For a guy like Tony Wroten, who is in just his second NBA season, Brown’s approach is what the guard grew accustomed to in college at Washington.


“In college, you run around and do a lot of conditioning,” Wroten said. “When I first got here, not only did the coach e-mail me about it but also the strength and conditioning coaches, what summer was going to be like and this is what we are going to do.


“I knew they were serious. At the time, I was like what is this? This is like college, but Coach always says it is going to pay off in the long run and it has. We can run at the end of games. We are still pacing, so working on it in the summer helped a lot.”


Wroten isn’t just drawing on his own experiences out on the court. He has also witnessed the impact of the Sixers’ focus on fitness in his teammates.


“In film the other day, in the fourth quarter you see Mike [Carter-Williams] picking up full court,” said Wroten, who missed Saturday’s game with back spasms. “In the NBA, no one plays full court at all, but for him to be able to do that in the fourth when we only had seven, eight people and he had played a lot of minutes [was key]. It showed the little things.


“Sometimes teams will say to us, ‘Are you guys ever going to stop running?’ And they are serious, but at the end of the day we are going to keep running, keep running and keep running.”


Against the Pacers on Saturday night with Wroten, Spencer Hawes and Thaddeus Young all out of action, Carter-Williams played 38 minutes, the rookie point guard’s career high for a regulation game. MCW’s full-court ball pressure went a long way in getting him seven steals to go with his career-high 29 points.


The Sixers’ ability to keep their foot on the gas is reflected in their pacer (102.4 possessions per game) and their fast-break points (18.3 points per game).


Brown stresses that what the Sixers are doing with fitness is not groundbreaking.
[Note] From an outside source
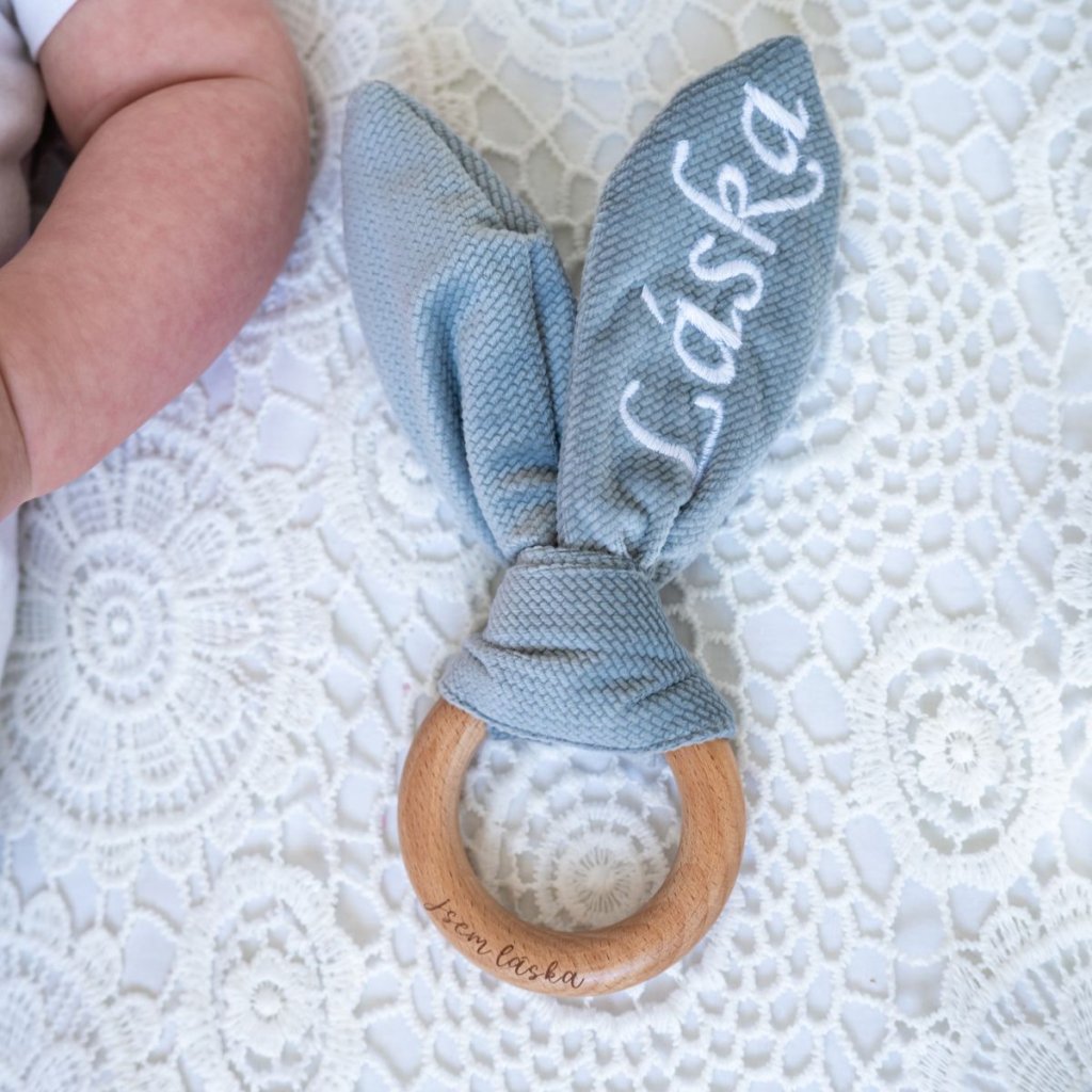 Drevené hryzadlo je do hladka vybrúsené, bezpečné a poslúži ako záchrana pri prvých zúbkoch a bolesti dasien. Hryzadlo je ušité s šušťavým papierom vo vnútri látky, samotná látka velvet je na dotyk veľmi príjemná a hebká, Garantujeme, že žiadne bábätko nepustí túto hračku z ruky :-)

He says the NBA’s 29 other teams implement the same mentality but maybe not as strongly.


“It is all about recovery,” Brown said. “Playing 82 games, back-to-back games, how do you back it up? What do you do on a plane if you are flying? It is the people who take care of their bodies and are prideful with their diet, nutrition and hydration and massages and ice down.
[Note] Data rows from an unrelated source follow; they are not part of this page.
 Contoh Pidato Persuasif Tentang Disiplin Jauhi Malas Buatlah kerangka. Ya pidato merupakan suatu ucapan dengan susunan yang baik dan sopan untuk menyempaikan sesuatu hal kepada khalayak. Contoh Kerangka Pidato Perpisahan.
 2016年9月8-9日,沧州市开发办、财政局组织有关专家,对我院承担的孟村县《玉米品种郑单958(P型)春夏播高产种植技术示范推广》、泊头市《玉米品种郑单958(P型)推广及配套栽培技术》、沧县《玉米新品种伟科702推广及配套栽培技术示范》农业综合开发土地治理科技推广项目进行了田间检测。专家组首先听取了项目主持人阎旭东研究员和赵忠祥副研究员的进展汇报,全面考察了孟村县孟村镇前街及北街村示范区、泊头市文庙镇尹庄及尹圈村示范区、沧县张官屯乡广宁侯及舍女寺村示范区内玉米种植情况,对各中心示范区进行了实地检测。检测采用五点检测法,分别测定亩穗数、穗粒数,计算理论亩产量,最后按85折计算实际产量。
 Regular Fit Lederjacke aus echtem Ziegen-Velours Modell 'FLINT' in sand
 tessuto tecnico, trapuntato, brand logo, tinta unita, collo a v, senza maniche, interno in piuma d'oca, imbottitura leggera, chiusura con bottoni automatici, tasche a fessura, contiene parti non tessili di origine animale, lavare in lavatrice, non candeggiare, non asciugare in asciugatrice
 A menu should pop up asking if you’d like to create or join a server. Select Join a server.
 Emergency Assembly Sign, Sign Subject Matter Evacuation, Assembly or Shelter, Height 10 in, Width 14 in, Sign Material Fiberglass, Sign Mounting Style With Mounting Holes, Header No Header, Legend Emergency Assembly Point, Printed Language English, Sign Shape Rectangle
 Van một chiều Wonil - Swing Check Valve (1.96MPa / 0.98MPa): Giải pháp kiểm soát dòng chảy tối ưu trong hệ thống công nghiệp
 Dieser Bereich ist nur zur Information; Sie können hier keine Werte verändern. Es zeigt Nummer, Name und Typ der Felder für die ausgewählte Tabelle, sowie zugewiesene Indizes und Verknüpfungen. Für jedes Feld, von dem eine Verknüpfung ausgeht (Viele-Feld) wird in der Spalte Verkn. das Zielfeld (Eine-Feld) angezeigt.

“All the programs do it, so it isn’t like we found something tricky. We just want to be responsible with it and proactive with it.”


“He just puts a little more emphasis on it,” Hawes said. “Especially the little stuff like getting in your massages, getting off your feet when you have an opportunity to, nutrition, career-best fitness. It is big for him and I think guys have responded to it.”